Unless you are in the 2% of institutions that hold 74% of endowment funds, COVID-19 will force a long-overdue reorganization of the higher education cost structure tied to physical campuses, especially for smaller colleges serving low-income students. Paxson’s fear that “higher education will crumble” does not seem far-fetched.

So, why isn’t reopening college campuses the solution?

For one, while large and wealthy institutions such as Paxson’s can afford her proposal of “test, trace, and separate,” it’s hard to imagine cash-strapped colleges financing high-volume medical testing, PPE, and increased housing, dining, and hospital capacity—not to mention hazard pay and quarantine leave for essential workers.

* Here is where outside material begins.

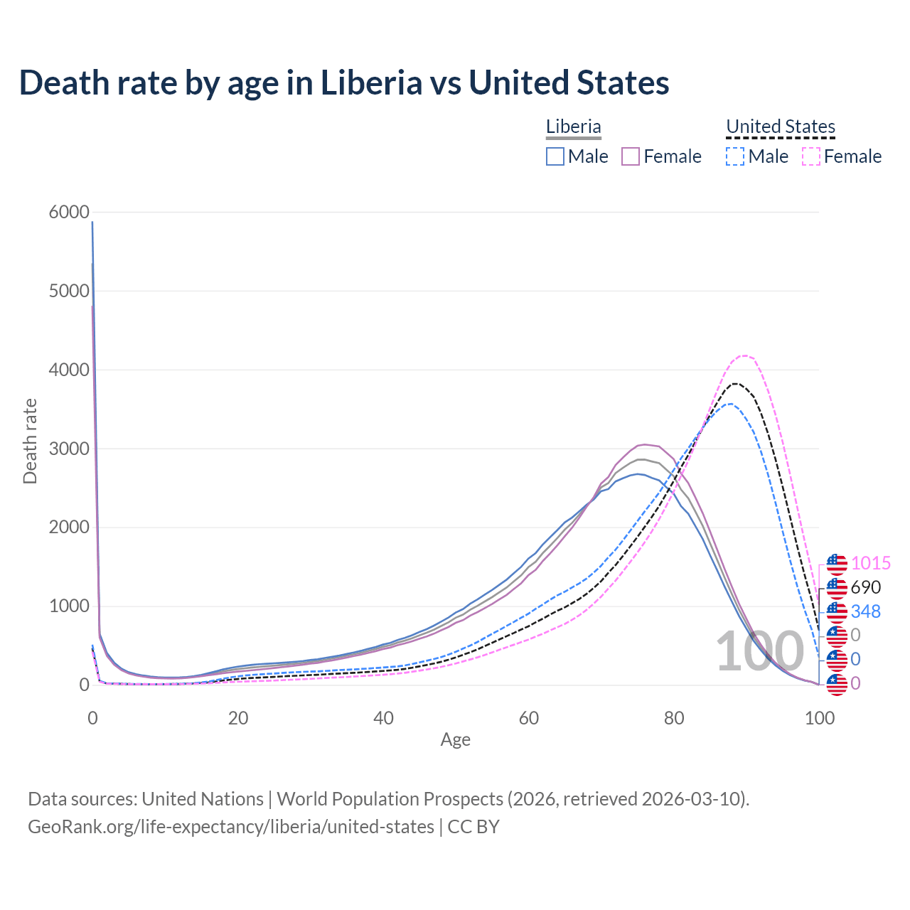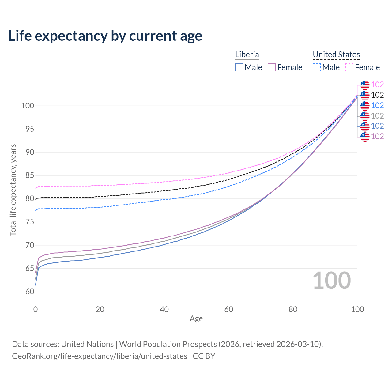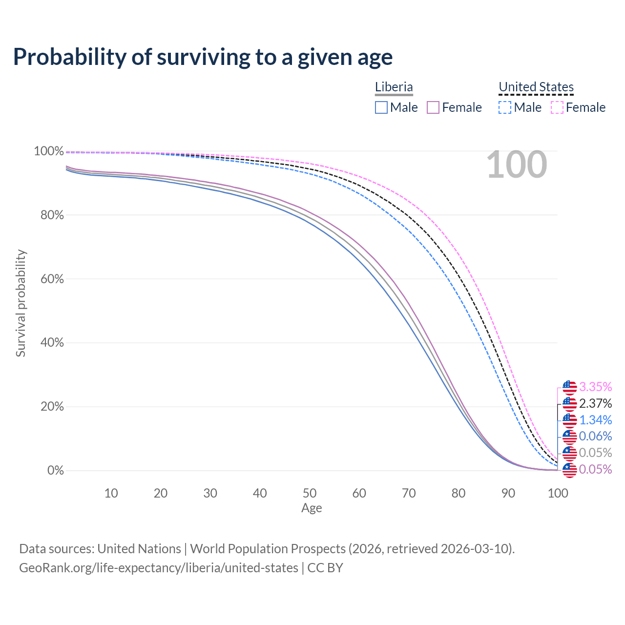 This life expectancy calculator shows the odds of living to 100, 95, 90, and below based on current age for both males and females in Liberia and the United States, along with mean and median age of death. The calculations are based on the 2026 life tables (actuarial tables) from the UN World Population Prospects.

Even if we fund those measures, it’s even harder to imagine students incurring crippling debt to participate in “virtual social activities replacing parties” and stadium lectures. Paul LeBlanc, president of Southern New Hampshire University, which has over 130,000 online students, said it best. “If you were to design a place to make sure that everyone gets the virus, it would look like a nursing home or a campus.”

What Now? College After COVID-19

Rather than anchor to idyllic quadrangles, colleges must embrace digital learning. This means bold and necessary evolutions to their business models and curriculums that genuinely serve students’ immediate and long-term well-being.

Here are nine ways we can start fixing America’s broken higher education system together:

    Reset curriculums to improve employment opportunities. In New America’s survey, 91% of students list improving employment opportunities as a top reason for attending college. It’s time we listen to them. This means tuition resets, job-ready curriculum, shorter degrees, and partnerships to connect job seekers with growing industries—particularly ones that accommodate remote working opportunities.

    Bite the bullet and dramatically overhaul costs. Tools such as financial exigency can help address bloat and set a higher bar for costly administrators and disengaged staff, which may be as high as 67% of tenured faculty.

    Liberate instructors to design new courses across platforms and collaborate on best practices. This is the single biggest opportunity to learn how to scale personalized online learning across colleges and universities.

    Unlock endowments to put cash directly into the pockets of students, families, and campus workers. A temporary regulatory reprieve allowing direct transfers will ensure that colleges aren’t just admitting those who can pay full tuition.

    Invest in holistic anti-poverty student support. Connecting students with social services they otherwise would have had on-campus will increase student retention and revenue, especially as one in four undergraduate students has children.

    Provide reskilling resources to essential on-campus workers. Many subcontracted campus workers, kitchens, janitors, IT staff, and other hourly employees cannot work from home.

    Make the internet a public utility. Only two-thirds of rural homes have high-speed internet, and many low-income families don’t own tablets, laptops, or desktop computers. We must immediately end the digital divide for online learning to work for college students and the rising high school students behind them.

    Embrace the internet’s power of community building. We have seen virtual concerts, virtual commencements, and even virtual campuses. Incentivize students to build a new way of learning together.

    Partner with hotels to create safe learning environments and local meetups. We can still work toward in-person interaction among students in the same cities and states.

Shaan Hathiramani is the founder and CEO of Flockjay, an online sales academy for job seekers from nontraditional and underrepresented backgrounds.